DESCRIPTION OF THE TASK: Write back every line of the listing exactly, excluding images.

DATASET ENTRIES:

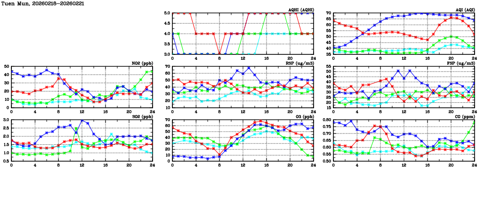 | Air Quality Data Time Series in Tuen Mun (2026/02/21) | ( Line colors: Day -3 Day -2 Day -1 Current day ) | 2D Map Current AQHI |
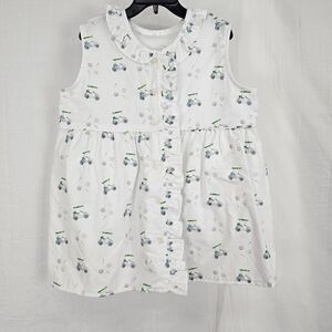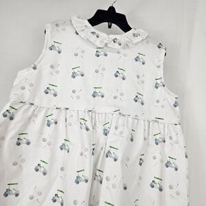 Mary & Grace Girls Size 7 White Ruffle Tunic Button Up Golfcart Clubs Balls Printed
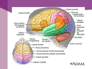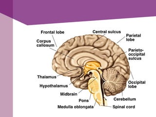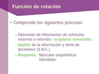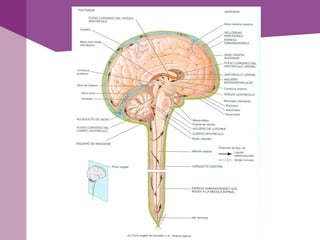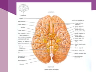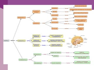 El documento describe la anatomía y fisiología del sistema nervioso. Explica que el sistema nervioso está formado por el sistema nervioso central (encéfalo y médula espinal) y el sistema nervioso periférico. El encéfalo se divide en telencéfalo, diencéfalo, mesencéfalo y rombencéfalo. El sistema nervioso se encarga de conectar los receptores sensoriales, los centros nerviosos y los órganos efectores, y de conducir y procesar la información a través de
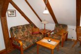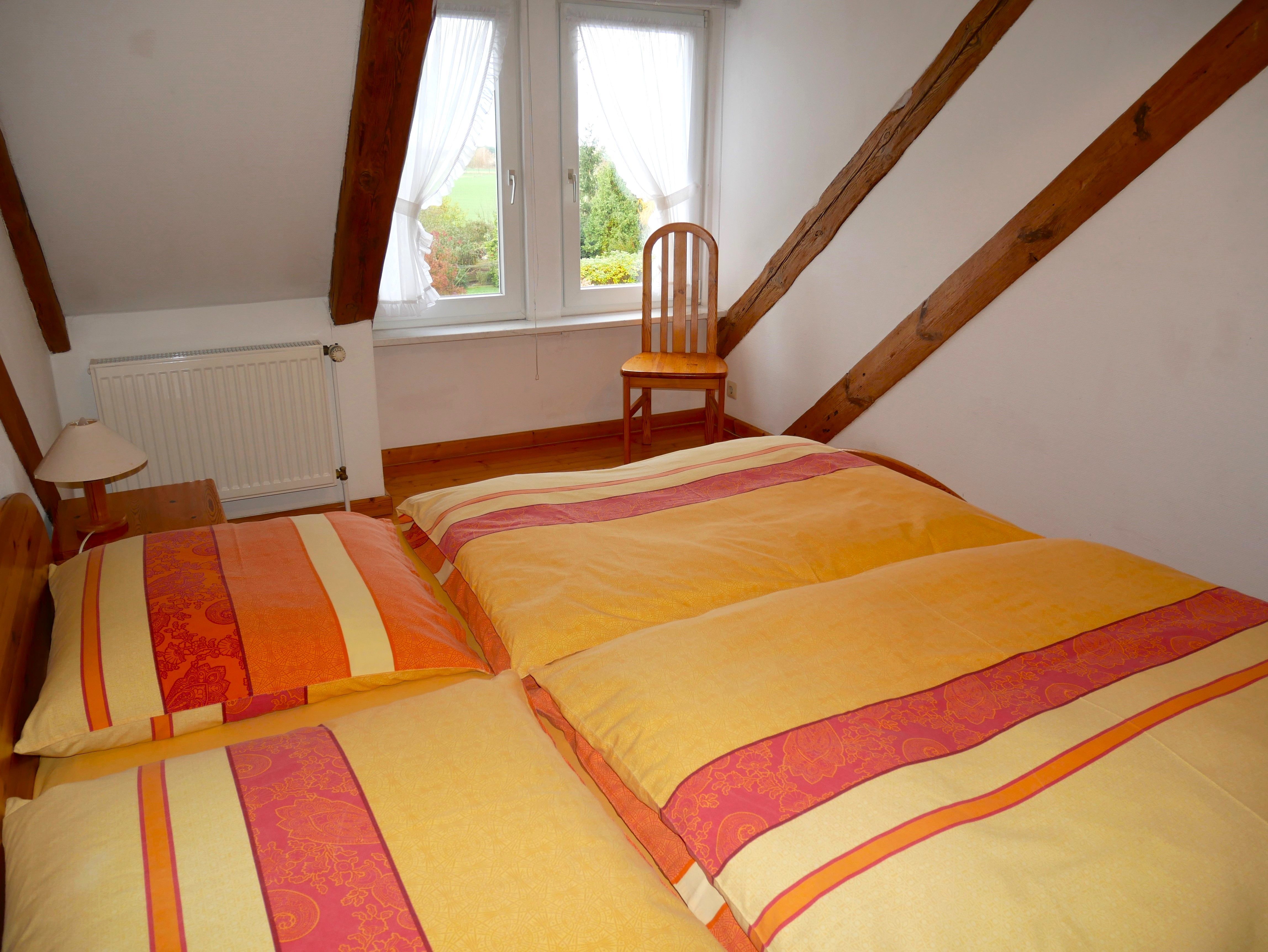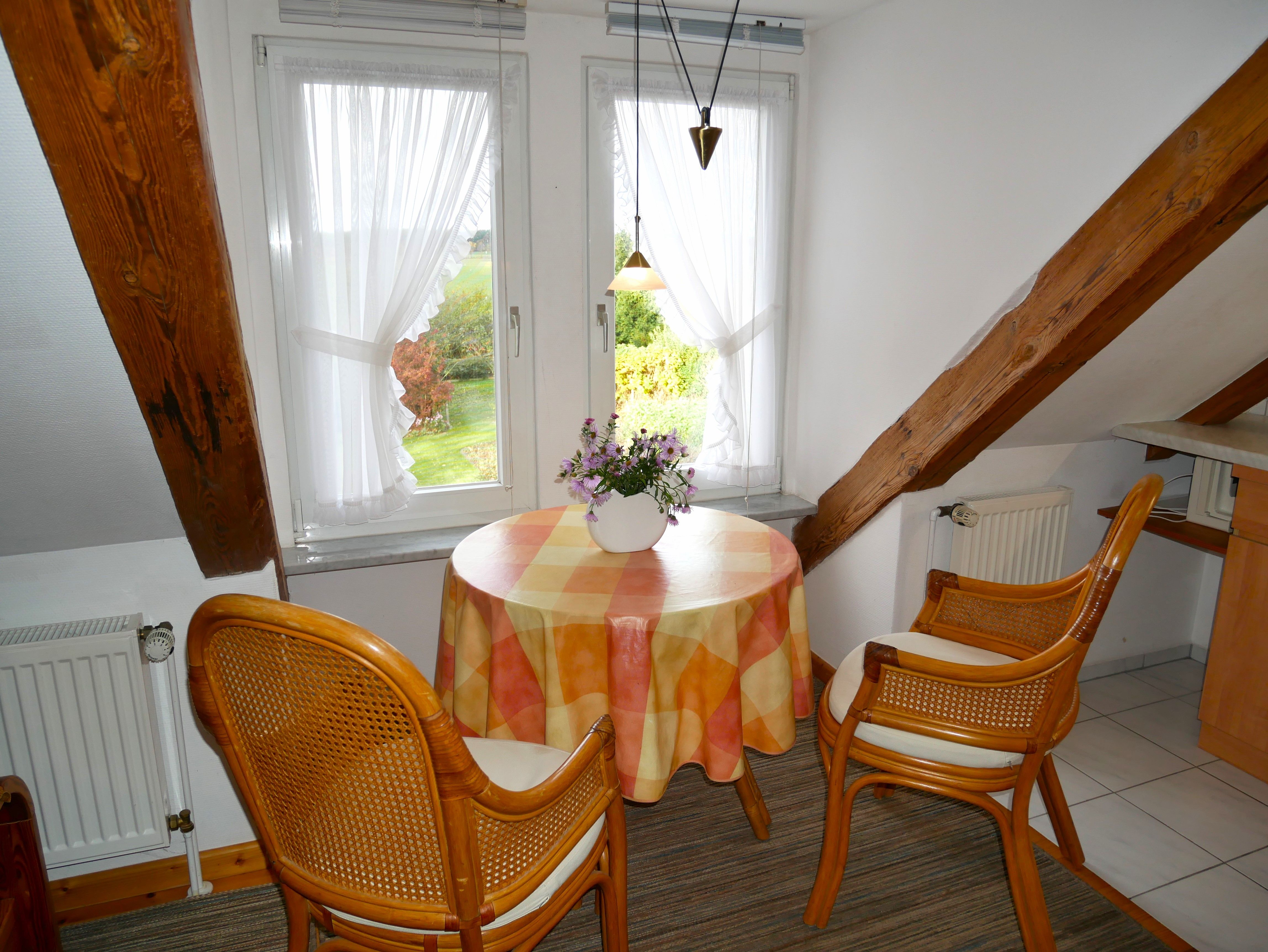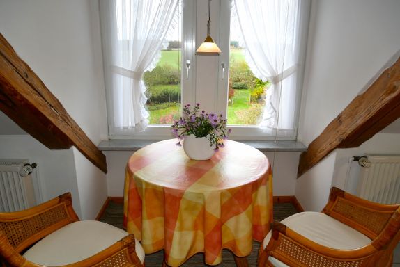 Die 35 qm große komfortable Ferienwohnung befindet sich im 1. Obergeschoss ist für bis zu 3 Pers. (2 Erw. + 1 Kind max. 3 Jahre) geeignet und bietet einen herrlichen Ausblick in unseren Garten sowie in die offene Landschaft mit Feldern, Wiesen, Wald und Oderhaff.
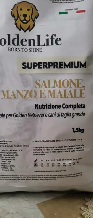 Busta completo per cani adulti di taglia grande, ideale per Golden Retriever. Formulato con salmone, manzo e maiale. - Superpremium - Nutrizione Completa - Made in Italy - Peso: 1,5kg
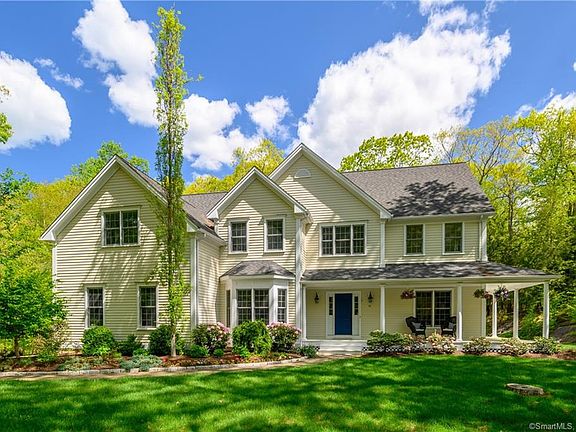 This spacious Colonial with a thoughtful floor plan on a very private lot has been impeccably maintained.The front entrance is loaded with charm with it's wraparound porch and sun-filled foyer. An open concept living room and dining room are on one side of the foyer, with an office offering beautiful views and a wall of built-in shelving on the other. The well-equipped kitchen is outfitted with natural cherry cabinets, granite counters, a center island, and high-end stainless appliances. The dining area has sliders leading to the deck. The kitchen opens up to the great room which lives up to it's name with a soaring vaulted ceiling, fireplace, and lots of room to gather. The master bedroom is quite spacious with it's sitting room, walk-in closet, and dual tray ceilings. The glass enclosed shower, whirlpool tub surround, floor, and double vanity top are all marble in this luxurious master bath. Three more bedrooms and a laundry room share the upper level. A guest bedroom has an en-suite bath and the 2 other bedrooms share a Jack and Jill bath. The lower level is fully finished with sliders that walk out to the private back yard with a sports court. All of this plus a whole-house generator and smart home features! The interior and exterior have been freshly painted in 2019. This beautiful property backs up the the Lower Paugussett State Forest offering miles of hiking and biking trails, a scenic waterfall and small sandy beach.
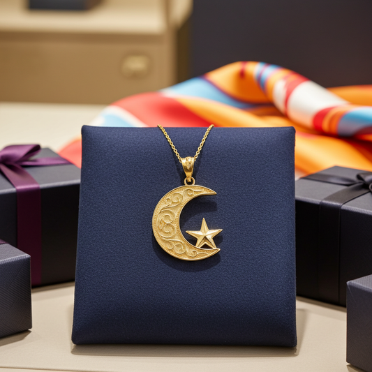 Gold Islamic Crescent Moon Pendant Necklace (yellow, white, rose gold, 10k, 14k)
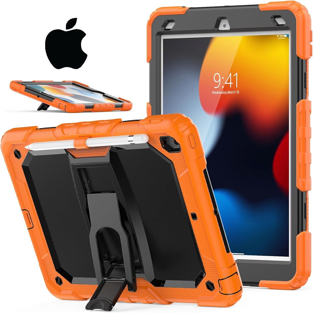 SEYMAC stock Case with built-in Screen Protector & Multi-angles kickstand - for iPad 9th/8th/7th Generation - 10.2'' - Black/Orange
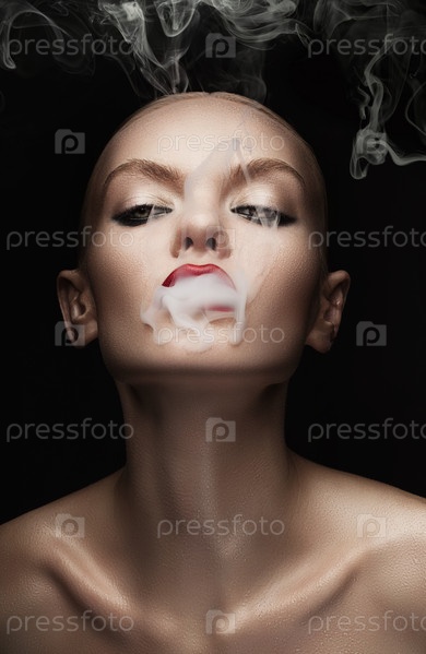 Женщина с дымом во рту

SOLUTION TO THE PROBLEM:
 | Air Quality Data Time Series in Tuen Mun (2026/02/21) | ( Line colors: Day -3 Day -2 Day -1 Current day ) | 2D Map Current AQHI |
 Mary & Grace Girls Size 7 White Ruffle Tunic Button Up Golfcart Clubs Balls Printed
 El documento describe la anatomía y fisiología del sistema nervioso. Explica que el sistema nervioso está formado por el sistema nervioso central (encéfalo y médula espinal) y el sistema nervioso periférico. El encéfalo se divide en telencéfalo, diencéfalo, mesencéfalo y rombencéfalo. El sistema nervioso se encarga de conectar los receptores sensoriales, los centros nerviosos y los órganos efectores, y de conducir y procesar la información a través de
 Die 35 qm große komfortable Ferienwohnung befindet sich im 1. Obergeschoss ist für bis zu 3 Pers. (2 Erw. + 1 Kind max. 3 Jahre) geeignet und bietet einen herrlichen Ausblick in unseren Garten sowie in die offene Landschaft mit Feldern, Wiesen, Wald und Oderhaff.
 Busta completo per cani adulti di taglia grande, ideale per Golden Retriever. Formulato con salmone, manzo e maiale. - Superpremium - Nutrizione Completa - Made in Italy - Peso: 1,5kg
 This spacious Colonial with a thoughtful floor plan on a very private lot has been impeccably maintained.The front entrance is loaded with charm with it's wraparound porch and sun-filled foyer. An open concept living room and dining room are on one side of the foyer, with an office offering beautiful views and a wall of built-in shelving on the other. The well-equipped kitchen is outfitted with natural cherry cabinets, granite counters, a center island, and high-end stainless appliances. The dining area has sliders leading to the deck. The kitchen opens up to the great room which lives up to it's name with a soaring vaulted ceiling, fireplace, and lots of room to gather. The master bedroom is quite spacious with it's sitting room, walk-in closet, and dual tray ceilings. The glass enclosed shower, whirlpool tub surround, floor, and double vanity top are all marble in this luxurious master bath. Three more bedrooms and a laundry room share the upper level. A guest bedroom has an en-suite bath and the 2 other bedrooms share a Jack and Jill bath. The lower level is fully finished with sliders that walk out to the private back yard with a sports court. All of this plus a whole-house generator and smart home features! The interior and exterior have been freshly painted in 2019. This beautiful property backs up the the Lower Paugussett State Forest offering miles of hiking and biking trails, a scenic waterfall and small sandy beach.
 Gold Islamic Crescent Moon Pendant Necklace (yellow, white, rose gold, 10k, 14k)
 SEYMAC stock Case with built-in Screen Protector & Multi-angles kickstand - for iPad 9th/8th/7th Generation - 10.2'' - Black/Orange
 Женщина с дымом во рту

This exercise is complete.